Subject Computer Science, Agricultural Science
Specific subject area Image processing, crop classification
Type of data RGB images (24-bit, BMP format)
How data were acquired The individual soybean images (227×227 pixels) were divided from the soybean images (3072×2048 pixels) via an image-processing algorithm.
Data format 24-bit RGB
Raw
Processed
Description for data collection An image acquisition system (Fig. 2) was used to capture the soybean images (3072×2048 pixels) where the seeds are in physical touch. Then, an image-processing algorithm was adopted to split the individual soybean images (227×227 pixels) from the soybean images (3072×2048 pixels). Finally, the individual soybean images were saved in JPG format.
Data source location Nanjing Agricultural University, Nanjing, China
Data accessibility Repository name: Soybean Seeds
Data identification number:
https://doi.org/10.17632/v6vzvfszj6.6
Direct URL to data:
https://data.mendeley.com/datasets/v6vzvfszj6
Instructions for accessing these data: Download the data from Soybean Seeds repository in ZIP formats.

Value of the Data

  • The soybean image dataset can meet the practical requirement of assessing soybean quality. Because those individual soybean images in our dataset were classified based on the Standard of Soybean Classification (GB1352-2009) [1].

  • This dataset can complement other soybean seed image datasets, providing more available images of soybean seeds to develop better models.

  • Researchers in soybean breeding may use this dataset and benefit.

1. Objective

There are no published datasets for studies on seed classification [2], [3], [4], [5], [6], [7], [8], [9]. Meanwhile, creating a dataset is laborious and time-consuming. In addition, non-public datasets could not validate algorithms and promote the development of seed classification.

Currently, researchers have yet to publish soybean seed image datasets, nor have they classified soybean seeds according to a common standard [2,4,[7], [8], [9]]. Therefore, we aim to construct a public dataset of individual soybean seed images based on the Standard of Soybean Classification (GB1352-2009) [1] for researchers studying the classification or quality assessment of soybean seeds.

2. Data Description

The image dataset of soybean seeds can serve to study the classification or quality assessment of soybean seeds.

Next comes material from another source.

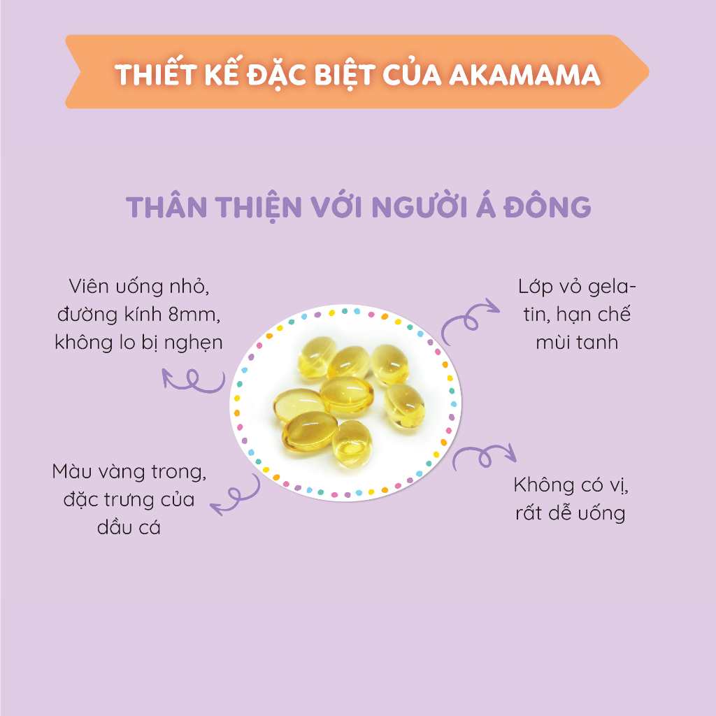- Bổ sung đầy đủ Vitamin E giúp tăng độ đàn hồi da, hạn chế các vết rạn khi mang thai ở mẹ bầu. Viên uống không mùi, không vị Sản phẩm có dạng viên dạng viên uống nhỏ, có đường kính chỉ 8mm giúp mẹ bầu không bị nghẹn khi uống. Đặc biệt, lớp vỏ gelatin không vị giúp hạn chế mùi tanh, dễ uống đối với phụ nữ mang thai trong thời kỳ ốm nghén. Tại sao mẹ bầu nên chọn Akamama? DHA và EPA: Đây là hai thành phần chính trong Akamama, giúp: Phát triển não bộ: DHA là thành phần cấu tạo nên màng tế bào thần kinh, giúp tăng cường khả năng học tập và ghi nhớ của bé sau này. Phát triển thị giác: EPA hỗ trợ sự phát triển của võng mạc, giúp bé có đôi mắt sáng khỏe. Giảm nguy cơ sinh non: DHA và EPA giúp củng cố màng tế bào, giảm nguy cơ sinh non. Hỗ trợ sức khỏe tim mạch cho mẹ: Giúp giảm cholesterol xấu, ngăn ngừa các bệnh tim mạch. Thành phần tự nhiên: Akamama được sản xuất từ các nguyên liệu tự nhiên, an toàn cho cả mẹ và bé. Tiện lợi: Dạng viên nang mềm, dễ uống, thuận tiện cho mẹ bầu sử dụng hàng ngày. Hướng dẫn sử dụng

The dataset includes five-type of individual soybean seed images: intact, spotted, immature, broken, and skin-damaged, as shown in Fig. 1.

Fig. 1.

Fig 1

Picked soybean seed samples.

The individual soybean images (227×227 pixels) were generated from the soybean images (3072×2048 pixels) via an image-processing algorithm. Subsequently, the five types of individual soybean images were sorted according to the Standard of Soybean Classification (GB1352-2009) [1]. The following is a complete description of the soybean classification:

  • (1)

    Intact soybeans: complete and shiny soybeans.

  • (2)

    Immature soybeans: shrunken soybeans or soybeans with green parts.

  • (3)

    Skin-damaged soybeans: soybeans with damaged seed skin.

  • (4)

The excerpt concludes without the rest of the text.